My Thoughts About One of My Favorite Places--Northeastern Indiana's Amish Country

Monday, April 15, 2013

Across Cultural Lines: My Friendship with the Amish

Sometimes a new friendship begins when you least expect it.

By the late 1990s I had been visiting Amish Indiana with various friends and relatives for fifteen years.  There were a handful of B&Bs that had become favorites, and I tried to visit at least twice a year, soaking up the local atmosphere and shopping for things for my home.

One summer I brought my 9-year old niece Amy for a visit, along with a friend and her daughter.  Our B&B owner had become friends with her Amish neighbors over the years, and since we were staying over a Sunday (rare for visitors, since nothing is open on Sunday)—she said, “My Amish neighbor sometimes takes my guests for buggy rides after church.  Do you think your niece would like that?” 

So the next afternoon, Glenn (as I now know him) pulled up in his buggy, and we took a ride.  It was wonderful!   A buggy goes just the right speed to see the countryside—fast enough for a constant change in scenery, but slow enough not to miss anything.  I was totally smitten.

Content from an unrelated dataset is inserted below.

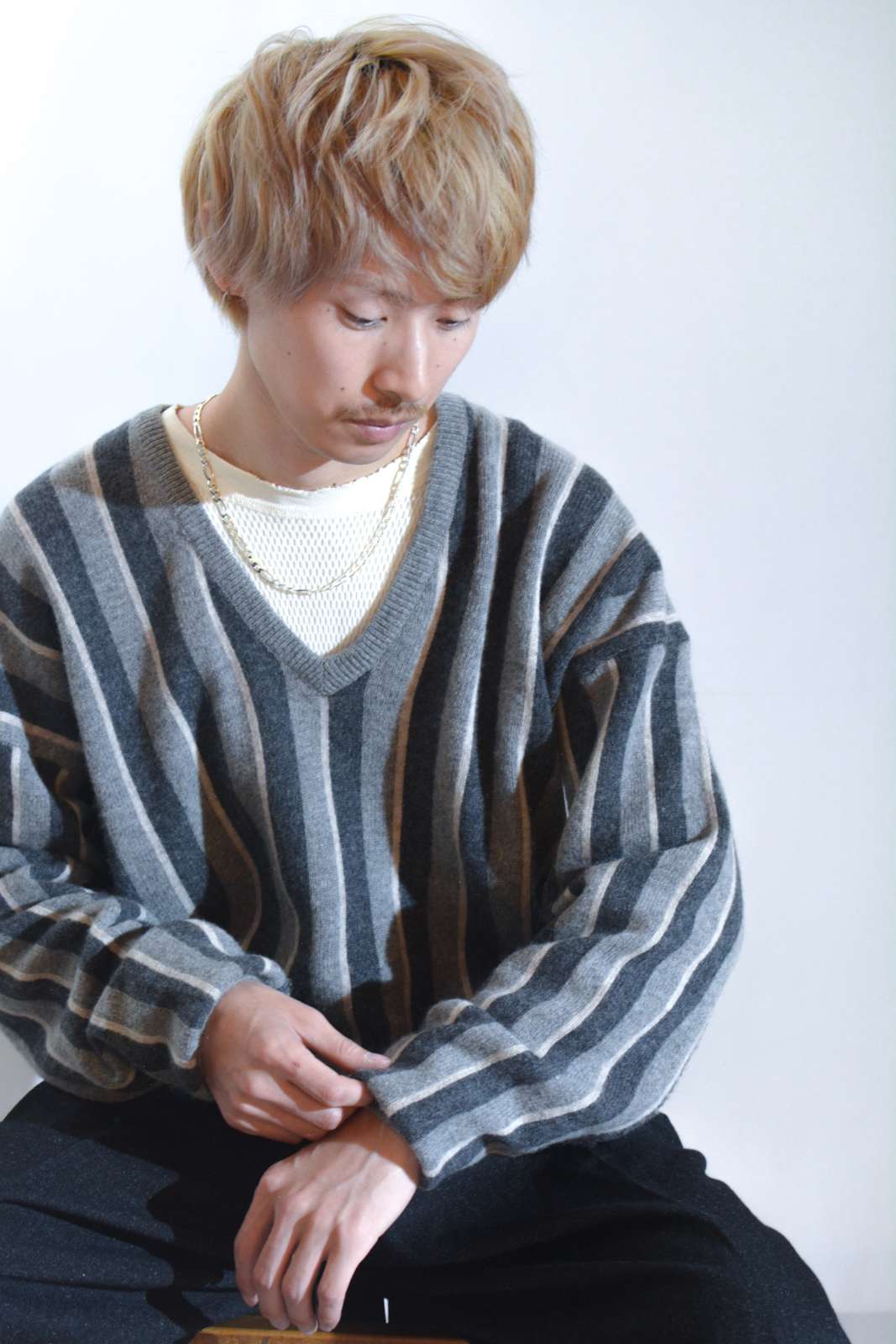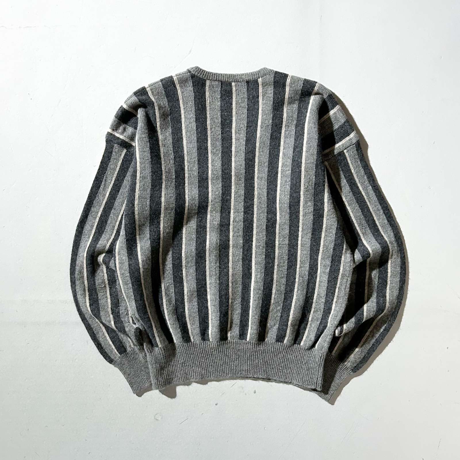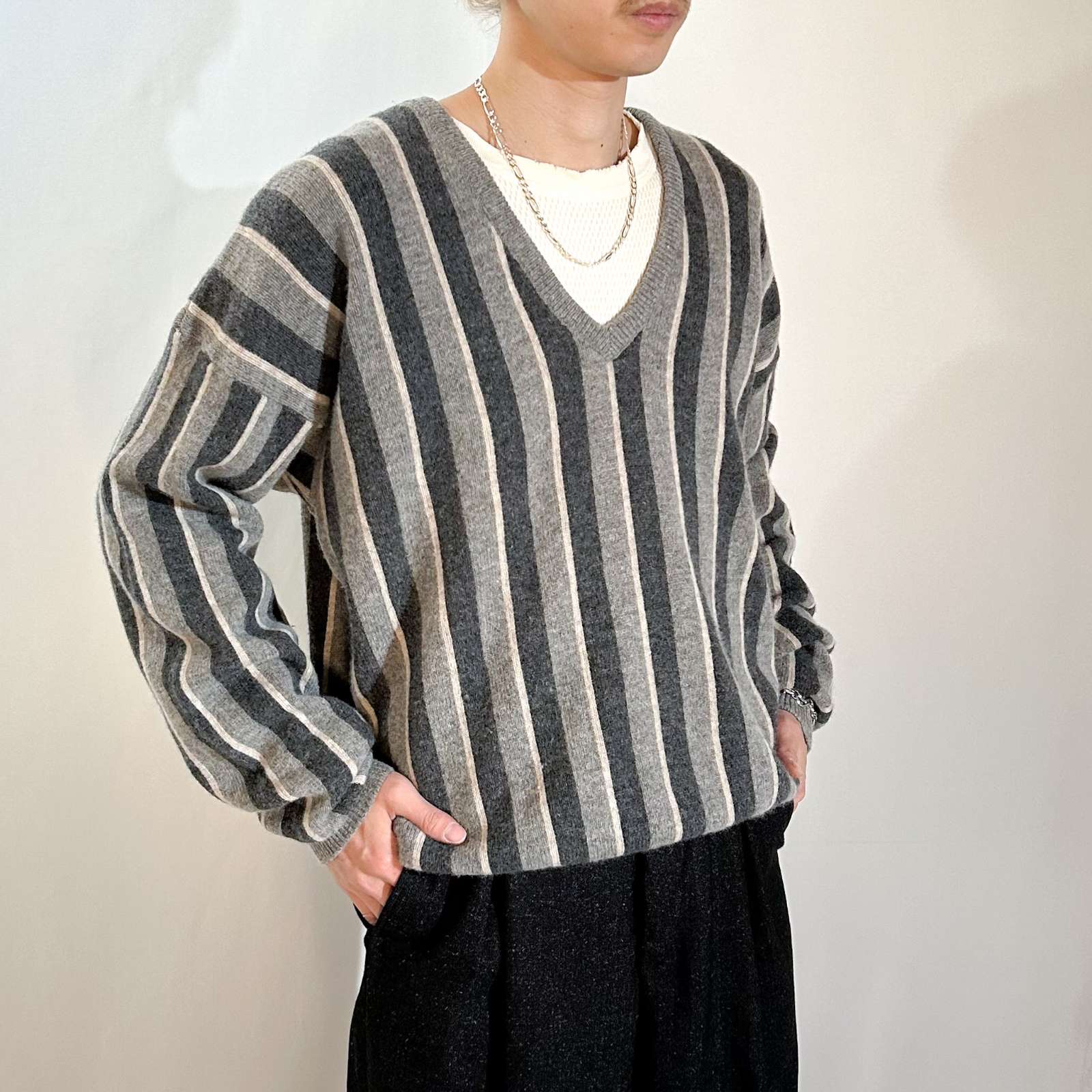 グレーと黒と白の3トーンストライプニットセーター。モノクロの中でもかなりいいストライプかと思います。まだ柔らかさの残るラムウールでフワッとした着心地がとてもいいです。

The next morning we bought a Yoder’s gift certificate (a local department store frequented by the Amish).  We wrote some words of thanks on a card and drove over to deliver it to their farm.  I wasn’t sure what I’d do with it if no one came to the door—but Ruth (as I now know her) came out and, after we explained our errand, said the last thing I expected:  “Would you like to come in and have some lemonade?”

I had read everything I could find on the Amish during those early years, and I didn’t see this one coming.  They do business with “the English” (as they call us), but socializing with us—that isn’t so common.

Before long, my niece Amy had disappeared with Ruth’s children, not to be seen for the rest of the morning.  Amy fed livestock, hauled firewood on a wagon, and just generally had more fun than a girl from suburban Los Angeles could imagine.  When she came back with cow manure on her shoes, and Ruth had to hose it off, Amy said, “Cow manure!  I can’t wait to tell the kids at school!”

That was about fifteen years ago...  Ruth’s eight children, who all lived at home then, are mostly married now.  I’ve been to two of their family’s weddings, and six of them have been to mine.  I know their extended family and some of their friends, and they have met some of mine as well.  We have shared laughter and sorrow, and always, lots of good food! 

I still don’t know what they saw in me, or why they allowed me into their world.  But I have learned that friendship is friendship, across cultural lines—and this friendship is a “keeper.”